Il carcinoma a cellule renali (RCC) rappresenta la neoplasia con il più alto tasso di mortalità tra i tumori urogenitali, mentre è terzo per incidenza dopo il cancro alla prostata e alla vescica. Una diagnosi precoce di RCC consente di sottoporre tempestivamente i pazienti affetti a terapie efficaci, incrementandone significativamente il tasso di sopravvivenza. Una diagnosi precoce e accurata di RCC evita trattamenti sbagliati, consente di prevedere la progressione della malattia e di proporre i trattamenti più adeguati. Purtroppo, le masse tumorali renali di piccole dimensioni sono solitamente asintomatiche e pertanto sono diagnosticate tardivamente, determinando una minore efficacia dei trattamenti disponibili. Di conseguenza, la disponibilità di biomarcatori sensibili e precoci è essenziale per la diagnosi ed il monitoraggio precoce del RCC e della sua progressione. In questo lavoro sono riassunti i più recenti progressi nella individuazione di biomarcatori di carcinoma renale e ne è discusso il loro significato diagnostico e prognostico e applicabilità clinica.
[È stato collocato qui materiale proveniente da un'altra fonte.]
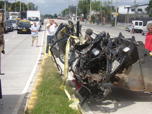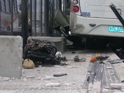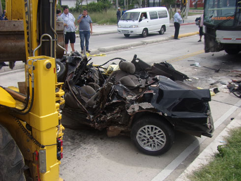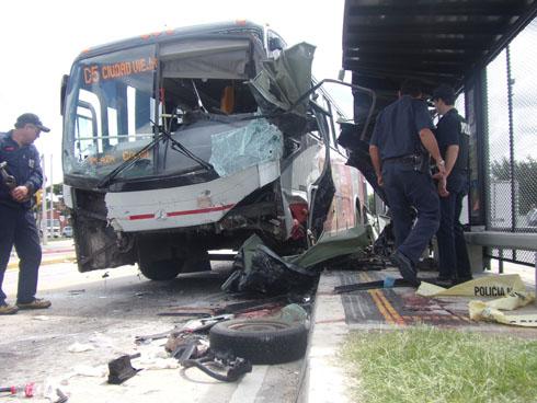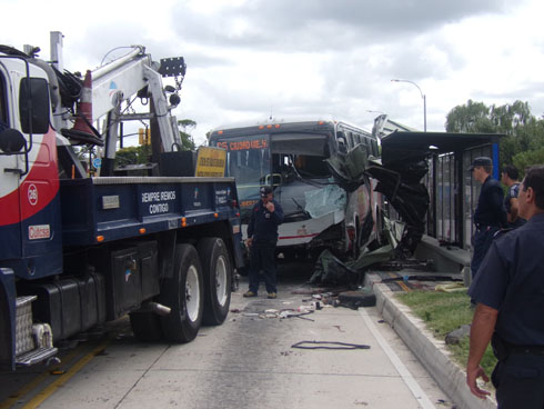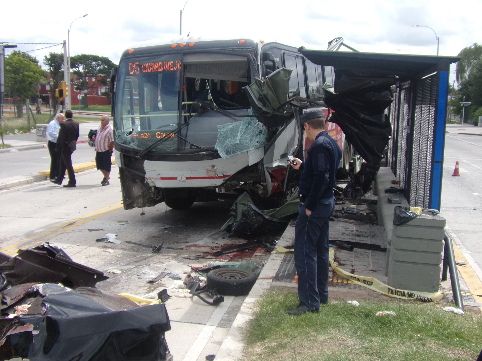 Trágico accidente ocurrido en la mañana del martes 25 de febrero del 2014, con consecuencias fatales. Se cobró una vida y hay una persona en muy grave estado. ¿Quién tuvo la culpa?, es tarde para saberlo. El auto particular, un Ford Escort, venía por Av. Garzon pretendiendo doblar a su izquierda rumbo a Bvar. José Batlle y Ordóñez al Centro. Lo sorprendió el cambio de luces, al momento de cruzar o al iniciar el cruce, nunca lo sabremos; el bus de Cutcsa de recorrido D5 venía por el corredor Garzón, dentro del carril respectivo, se le pone en verde la luz o lo sorprende el cambio, su velocidad, impresión personal, sería más de 90 kilómetros por hora, de otra forma no es explicable el arrastre de más de cuarenta metros, fácilmente cuarenta metros, pues cruzó al auto todo Propios y arrasó toda la parada de enfrente, que Dios así lo quiso, no tenía ninguna persona esperando bus hacia afuera, ni había otro bus dentro del corredor, de lo contrario estaríamos hablando de muy nefastas cifras de muertos. || |

Parole chiave: biomarcatori, carcinoma renale, RCC, medicina di precisione

Introduzione

Il carcinoma a cellule renali (RCC) è l’istotipo più comune di neoplasia renale e rappresenta circa il 3% di tutte le neoplasie adulte nei paesi occidentali [1]. L’incidenza di questa neoplasia, più elevata negli uomini e nelle società economicamente sviluppate, aumenta progressivamente in relazione all’età ed il tasso di mortalità complessivo è pari a 2,2 casi/100.000 abitanti l’anno [2]. L’età media dei pazienti alla diagnosi è stimata intorno ai 64 anni; tuttavia il 3-5% di tutti gli RCC segue una trasmissione ereditaria, con esordio neoplastico in età giovanile [3].

Soltanto una piccola percentuale di pazienti (6-10%) manifesta la classica triade di presentazione clinica con ematuria grave, dolore e massa palpabile al fianco [4]. Infatti, a causa del decorso clinico solitamente asintomatico e di un utilizzo sempre più diffuso di tecniche radiologiche non invasive, quali l’ecografia e la TC addominale, la diagnosi della maggior parte delle neoplasie renali avviene casualmente a seguito di indagini diagnostiche svolte per altre patologie e spesso evidenzia una neoplasia già in fase avanzata. Il RCC è la neoplasia con il più alto tasso di mortalità tra i tumori genitourinari ed i fattori di rischio principali sono rappresentati dal fumo, dall’obesità e dall’ipertensione, nonché dall’inattività fisica e da una storia familiare di diabete mellito [5,6]. In questa neoplasia il sistema immune svolge un ruolo determinante nell’evoluzione della patologia [7]. Tuttavia, indagini condotte su individui con una storia familiare di RCC hanno evidenziato un incremento del rischio legato a fattori genetici [8].